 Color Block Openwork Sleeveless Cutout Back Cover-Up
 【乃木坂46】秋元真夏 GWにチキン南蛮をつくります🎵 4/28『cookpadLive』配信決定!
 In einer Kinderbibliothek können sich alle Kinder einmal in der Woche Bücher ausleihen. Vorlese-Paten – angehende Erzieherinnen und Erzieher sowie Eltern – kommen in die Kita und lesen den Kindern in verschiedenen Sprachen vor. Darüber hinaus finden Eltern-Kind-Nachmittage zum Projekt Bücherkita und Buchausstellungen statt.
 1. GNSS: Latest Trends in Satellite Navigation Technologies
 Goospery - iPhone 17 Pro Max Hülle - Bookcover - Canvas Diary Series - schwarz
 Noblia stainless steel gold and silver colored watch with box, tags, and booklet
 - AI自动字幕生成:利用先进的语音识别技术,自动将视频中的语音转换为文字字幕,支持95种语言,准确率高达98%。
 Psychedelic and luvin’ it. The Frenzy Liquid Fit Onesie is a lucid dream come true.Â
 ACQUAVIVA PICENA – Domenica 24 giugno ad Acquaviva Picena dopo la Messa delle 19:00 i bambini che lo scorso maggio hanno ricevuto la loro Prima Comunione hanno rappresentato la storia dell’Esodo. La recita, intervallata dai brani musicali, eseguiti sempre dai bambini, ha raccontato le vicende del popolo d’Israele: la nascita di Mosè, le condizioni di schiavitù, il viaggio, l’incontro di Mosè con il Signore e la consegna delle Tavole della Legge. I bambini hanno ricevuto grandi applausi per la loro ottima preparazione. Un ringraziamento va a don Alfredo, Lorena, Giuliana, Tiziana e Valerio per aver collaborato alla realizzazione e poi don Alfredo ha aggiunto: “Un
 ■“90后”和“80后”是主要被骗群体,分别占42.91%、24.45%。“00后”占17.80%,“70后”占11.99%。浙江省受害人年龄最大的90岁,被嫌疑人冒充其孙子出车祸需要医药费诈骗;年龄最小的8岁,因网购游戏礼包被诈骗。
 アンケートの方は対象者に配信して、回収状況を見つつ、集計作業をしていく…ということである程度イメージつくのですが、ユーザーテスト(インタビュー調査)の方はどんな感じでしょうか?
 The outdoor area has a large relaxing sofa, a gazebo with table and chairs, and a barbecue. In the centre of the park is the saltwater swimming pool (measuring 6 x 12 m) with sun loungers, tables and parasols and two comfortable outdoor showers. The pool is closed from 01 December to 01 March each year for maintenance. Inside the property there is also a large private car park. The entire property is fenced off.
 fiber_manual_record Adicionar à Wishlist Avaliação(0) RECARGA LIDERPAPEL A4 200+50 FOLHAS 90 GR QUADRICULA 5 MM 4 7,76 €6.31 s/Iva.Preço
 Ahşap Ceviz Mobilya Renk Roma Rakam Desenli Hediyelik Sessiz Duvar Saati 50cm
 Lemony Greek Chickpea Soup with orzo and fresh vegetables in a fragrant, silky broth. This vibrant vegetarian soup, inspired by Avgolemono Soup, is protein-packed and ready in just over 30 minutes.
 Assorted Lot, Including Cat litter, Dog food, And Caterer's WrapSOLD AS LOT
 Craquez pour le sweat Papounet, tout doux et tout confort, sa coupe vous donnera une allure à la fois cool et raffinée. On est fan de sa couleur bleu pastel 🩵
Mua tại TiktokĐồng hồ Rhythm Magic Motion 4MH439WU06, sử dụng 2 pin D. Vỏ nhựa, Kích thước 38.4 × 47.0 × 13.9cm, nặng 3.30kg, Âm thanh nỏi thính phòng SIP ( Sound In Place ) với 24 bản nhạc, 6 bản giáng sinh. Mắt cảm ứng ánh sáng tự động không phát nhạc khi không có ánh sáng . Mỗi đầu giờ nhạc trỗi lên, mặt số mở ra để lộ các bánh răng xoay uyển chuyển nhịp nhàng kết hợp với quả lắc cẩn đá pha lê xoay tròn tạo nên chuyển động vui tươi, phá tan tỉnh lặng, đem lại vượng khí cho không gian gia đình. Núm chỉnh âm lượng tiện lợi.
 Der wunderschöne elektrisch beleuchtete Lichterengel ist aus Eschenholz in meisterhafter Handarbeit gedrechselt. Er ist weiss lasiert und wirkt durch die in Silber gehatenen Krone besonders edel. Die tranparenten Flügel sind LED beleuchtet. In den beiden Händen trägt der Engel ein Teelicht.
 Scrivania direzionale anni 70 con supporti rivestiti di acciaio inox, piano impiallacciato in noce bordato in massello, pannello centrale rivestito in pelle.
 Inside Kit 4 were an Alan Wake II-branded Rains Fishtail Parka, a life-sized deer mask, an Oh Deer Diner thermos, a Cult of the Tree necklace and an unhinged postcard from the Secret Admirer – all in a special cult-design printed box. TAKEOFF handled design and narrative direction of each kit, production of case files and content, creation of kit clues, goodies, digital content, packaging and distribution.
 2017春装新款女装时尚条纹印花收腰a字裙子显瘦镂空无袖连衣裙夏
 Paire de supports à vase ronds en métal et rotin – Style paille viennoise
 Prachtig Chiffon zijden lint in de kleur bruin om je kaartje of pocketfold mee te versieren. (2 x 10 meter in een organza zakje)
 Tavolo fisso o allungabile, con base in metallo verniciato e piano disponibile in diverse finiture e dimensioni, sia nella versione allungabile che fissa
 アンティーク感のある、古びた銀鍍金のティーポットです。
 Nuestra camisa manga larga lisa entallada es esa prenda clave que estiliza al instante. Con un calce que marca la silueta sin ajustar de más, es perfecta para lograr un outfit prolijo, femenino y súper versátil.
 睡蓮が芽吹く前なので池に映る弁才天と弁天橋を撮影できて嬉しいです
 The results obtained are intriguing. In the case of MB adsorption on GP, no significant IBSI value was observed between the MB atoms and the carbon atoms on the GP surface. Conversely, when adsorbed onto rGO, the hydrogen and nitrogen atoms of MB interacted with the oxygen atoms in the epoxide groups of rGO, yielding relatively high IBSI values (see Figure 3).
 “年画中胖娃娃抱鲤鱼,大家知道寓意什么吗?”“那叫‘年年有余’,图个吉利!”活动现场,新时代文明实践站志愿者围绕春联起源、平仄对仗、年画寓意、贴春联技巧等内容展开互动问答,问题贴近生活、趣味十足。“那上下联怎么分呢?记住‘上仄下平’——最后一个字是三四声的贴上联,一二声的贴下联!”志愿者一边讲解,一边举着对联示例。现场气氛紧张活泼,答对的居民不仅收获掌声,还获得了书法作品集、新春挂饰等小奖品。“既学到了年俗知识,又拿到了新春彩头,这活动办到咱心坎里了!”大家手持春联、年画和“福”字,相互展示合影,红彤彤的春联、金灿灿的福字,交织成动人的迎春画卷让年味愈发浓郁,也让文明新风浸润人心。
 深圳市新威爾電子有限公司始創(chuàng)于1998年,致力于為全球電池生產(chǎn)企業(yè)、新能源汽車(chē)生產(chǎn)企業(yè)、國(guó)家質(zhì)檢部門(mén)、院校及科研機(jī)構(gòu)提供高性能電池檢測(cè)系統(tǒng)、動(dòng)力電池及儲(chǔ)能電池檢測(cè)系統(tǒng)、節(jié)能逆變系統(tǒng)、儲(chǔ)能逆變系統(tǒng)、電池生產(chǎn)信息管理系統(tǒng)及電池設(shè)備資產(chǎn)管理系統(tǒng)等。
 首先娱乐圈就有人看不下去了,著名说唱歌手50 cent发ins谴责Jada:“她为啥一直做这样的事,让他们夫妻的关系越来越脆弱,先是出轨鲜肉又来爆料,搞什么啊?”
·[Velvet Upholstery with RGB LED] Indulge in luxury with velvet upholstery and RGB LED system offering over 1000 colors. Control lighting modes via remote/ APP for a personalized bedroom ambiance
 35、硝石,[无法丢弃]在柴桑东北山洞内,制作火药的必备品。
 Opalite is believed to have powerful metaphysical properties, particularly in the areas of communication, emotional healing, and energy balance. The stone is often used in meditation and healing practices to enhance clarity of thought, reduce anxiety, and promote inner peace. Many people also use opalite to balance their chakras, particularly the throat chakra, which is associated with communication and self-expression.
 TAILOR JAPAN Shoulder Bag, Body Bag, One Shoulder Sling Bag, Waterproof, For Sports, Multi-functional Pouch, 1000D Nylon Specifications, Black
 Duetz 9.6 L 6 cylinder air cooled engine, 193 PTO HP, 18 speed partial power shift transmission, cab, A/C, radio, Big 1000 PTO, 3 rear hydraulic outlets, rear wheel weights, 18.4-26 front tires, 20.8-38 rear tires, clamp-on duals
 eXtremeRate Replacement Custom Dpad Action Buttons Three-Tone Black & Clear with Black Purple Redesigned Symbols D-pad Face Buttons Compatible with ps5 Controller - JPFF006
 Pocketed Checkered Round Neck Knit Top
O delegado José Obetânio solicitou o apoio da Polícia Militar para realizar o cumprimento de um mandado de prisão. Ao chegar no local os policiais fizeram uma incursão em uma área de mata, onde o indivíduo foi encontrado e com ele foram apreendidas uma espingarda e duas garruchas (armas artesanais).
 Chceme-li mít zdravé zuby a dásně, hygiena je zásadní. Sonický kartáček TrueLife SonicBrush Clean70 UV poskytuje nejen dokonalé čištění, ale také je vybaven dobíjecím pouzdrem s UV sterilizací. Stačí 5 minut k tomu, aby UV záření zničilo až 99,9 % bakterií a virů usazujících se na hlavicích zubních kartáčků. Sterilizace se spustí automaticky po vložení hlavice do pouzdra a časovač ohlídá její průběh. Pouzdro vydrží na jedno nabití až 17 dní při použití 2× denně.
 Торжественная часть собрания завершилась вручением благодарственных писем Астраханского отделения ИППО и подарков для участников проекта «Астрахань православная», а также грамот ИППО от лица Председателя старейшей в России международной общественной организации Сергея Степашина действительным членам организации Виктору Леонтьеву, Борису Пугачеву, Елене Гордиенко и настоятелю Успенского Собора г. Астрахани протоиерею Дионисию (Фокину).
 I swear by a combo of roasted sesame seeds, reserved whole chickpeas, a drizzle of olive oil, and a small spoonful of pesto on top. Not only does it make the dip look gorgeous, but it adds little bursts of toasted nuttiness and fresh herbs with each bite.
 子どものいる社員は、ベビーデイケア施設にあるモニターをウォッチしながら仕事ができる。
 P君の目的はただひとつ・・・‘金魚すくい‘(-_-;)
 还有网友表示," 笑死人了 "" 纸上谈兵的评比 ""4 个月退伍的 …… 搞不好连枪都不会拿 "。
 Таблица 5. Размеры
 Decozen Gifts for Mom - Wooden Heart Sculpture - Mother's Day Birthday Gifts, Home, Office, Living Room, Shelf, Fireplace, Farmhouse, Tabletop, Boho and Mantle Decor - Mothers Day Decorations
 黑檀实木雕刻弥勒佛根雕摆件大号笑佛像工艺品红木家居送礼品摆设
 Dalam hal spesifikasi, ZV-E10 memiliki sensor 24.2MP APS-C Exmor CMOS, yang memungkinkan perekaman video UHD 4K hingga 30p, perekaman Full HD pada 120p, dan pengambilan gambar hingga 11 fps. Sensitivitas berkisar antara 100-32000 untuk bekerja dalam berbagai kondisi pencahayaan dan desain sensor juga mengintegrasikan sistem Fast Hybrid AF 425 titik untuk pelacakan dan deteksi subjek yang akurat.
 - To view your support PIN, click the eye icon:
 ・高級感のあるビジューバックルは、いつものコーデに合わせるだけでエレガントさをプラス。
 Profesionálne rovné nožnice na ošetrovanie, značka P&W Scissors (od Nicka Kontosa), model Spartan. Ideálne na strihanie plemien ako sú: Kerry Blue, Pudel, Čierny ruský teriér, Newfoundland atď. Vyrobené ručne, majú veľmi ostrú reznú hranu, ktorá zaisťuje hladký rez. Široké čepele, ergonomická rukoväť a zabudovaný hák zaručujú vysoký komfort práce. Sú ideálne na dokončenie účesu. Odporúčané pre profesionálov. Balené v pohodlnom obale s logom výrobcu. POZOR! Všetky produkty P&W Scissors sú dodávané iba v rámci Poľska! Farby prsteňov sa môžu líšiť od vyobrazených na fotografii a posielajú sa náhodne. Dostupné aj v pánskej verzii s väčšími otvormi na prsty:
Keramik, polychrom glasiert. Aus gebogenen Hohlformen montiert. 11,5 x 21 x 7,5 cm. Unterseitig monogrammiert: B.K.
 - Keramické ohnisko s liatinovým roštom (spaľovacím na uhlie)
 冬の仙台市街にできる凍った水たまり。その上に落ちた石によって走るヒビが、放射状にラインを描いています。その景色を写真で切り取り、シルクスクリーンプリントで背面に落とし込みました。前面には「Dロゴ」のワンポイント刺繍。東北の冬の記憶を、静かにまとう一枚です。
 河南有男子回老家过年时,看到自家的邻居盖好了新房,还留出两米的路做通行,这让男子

WHAT IS BEING ASKED. Copy the lines above exactly, beginning at the line that has "Tavolo fisso o" and stopping after the line that has "睡蓮が芽吹く前なので池に映る弁才天と弁天橋を撮影できて嬉しいです", and omit the rest.

EXPECTED ANSWER.
 Tavolo fisso o allungabile, con base in metallo verniciato e piano disponibile in diverse finiture e dimensioni, sia nella versione allungabile che fissa
 アンティーク感のある、古びた銀鍍金のティーポットです。
 Nuestra camisa manga larga lisa entallada es esa prenda clave que estiliza al instante. Con un calce que marca la silueta sin ajustar de más, es perfecta para lograr un outfit prolijo, femenino y súper versátil.
 睡蓮が芽吹く前なので池に映る弁才天と弁天橋を撮影できて嬉しいです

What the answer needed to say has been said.